To tell them about God’s great love and grace and mercy is one way we can be loving them!
We show our love for God and others in actions and words. And praying that their eyes would be open and their hearts turn and receive God’s love. We can pray this for our nearest and dearest, but also for those suffering in war and disaster, that they would reach out, seek God and find that he is near and longs to fill them with his love and comfort in the midst of their distress, that he can offer hope and peace that the world cannot give.

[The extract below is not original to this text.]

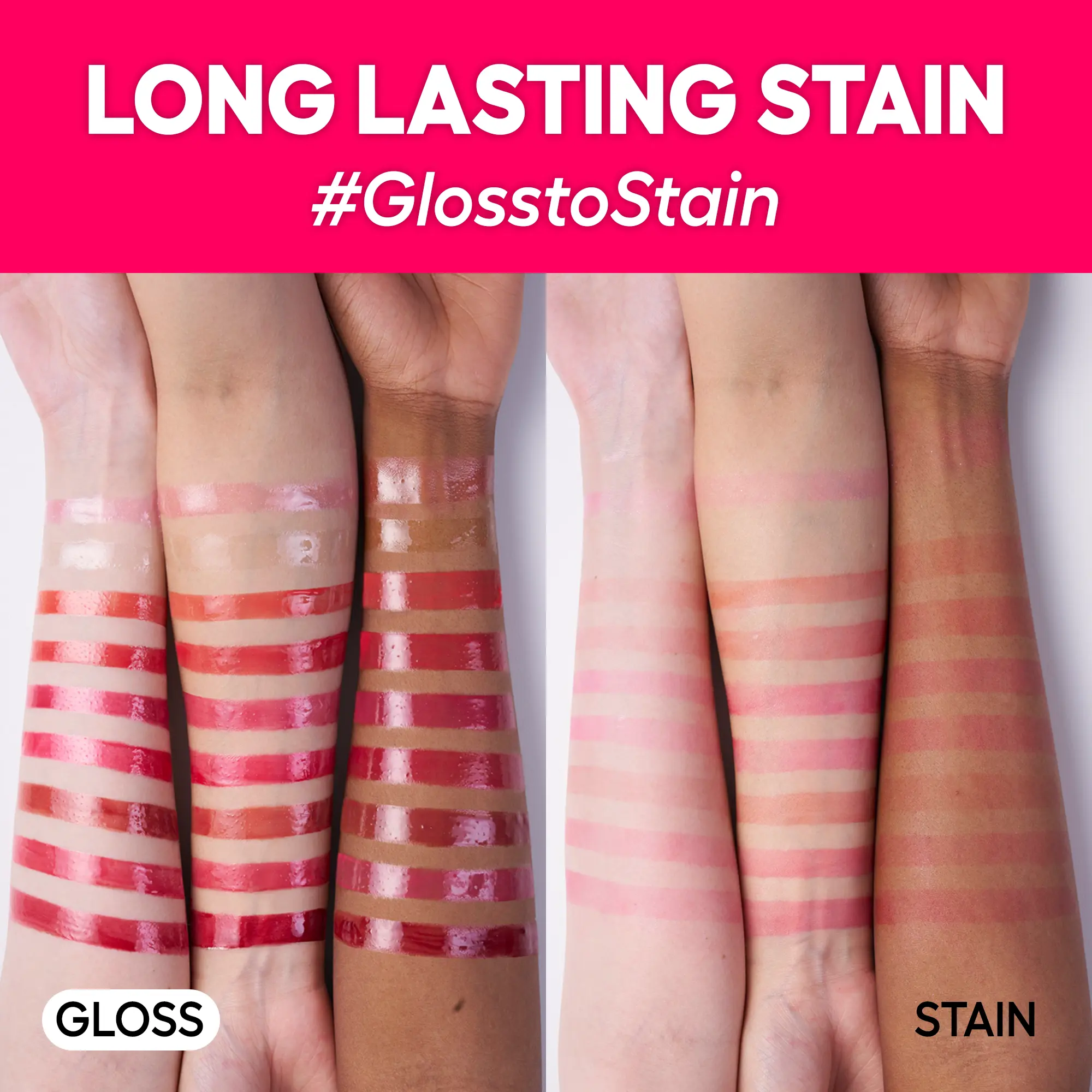 Love the color of the stain and the gloss together! The stain is buildable and blendable if youâre looking to do that gradient lip look. Not to mention the stain lasts a while if you let it set. Both feel hydrating and glossy, doesnât absorb quickly, and doesnât feel thick on the lips.

So, as we finish this section of Matthew having looked at 3 of Jesus’ parables and responses to the religious leaders about who he is, let us also be astonished and amazed at his teaching, as they were. But let us also respond to act on his teaching. Do we accept Jesus as Lord, do we love God with our whole being and love others with our thoughts and prayers, words and actions?
Let’s pray:
Jesus help us listen and follow your teaching. Open our eyes to see who you are, that we might love you fully, worshipping you with our whole lives and loving others unconditionally and with kindness as you love us. Give us faith and courage to share the good news message that you are the Messiah, come to deliver all people that they may receive your amazing grace whatever their circumstances and live with hope today and for all eternity. In the name of Jesus, the son of David, the son of God. Amen.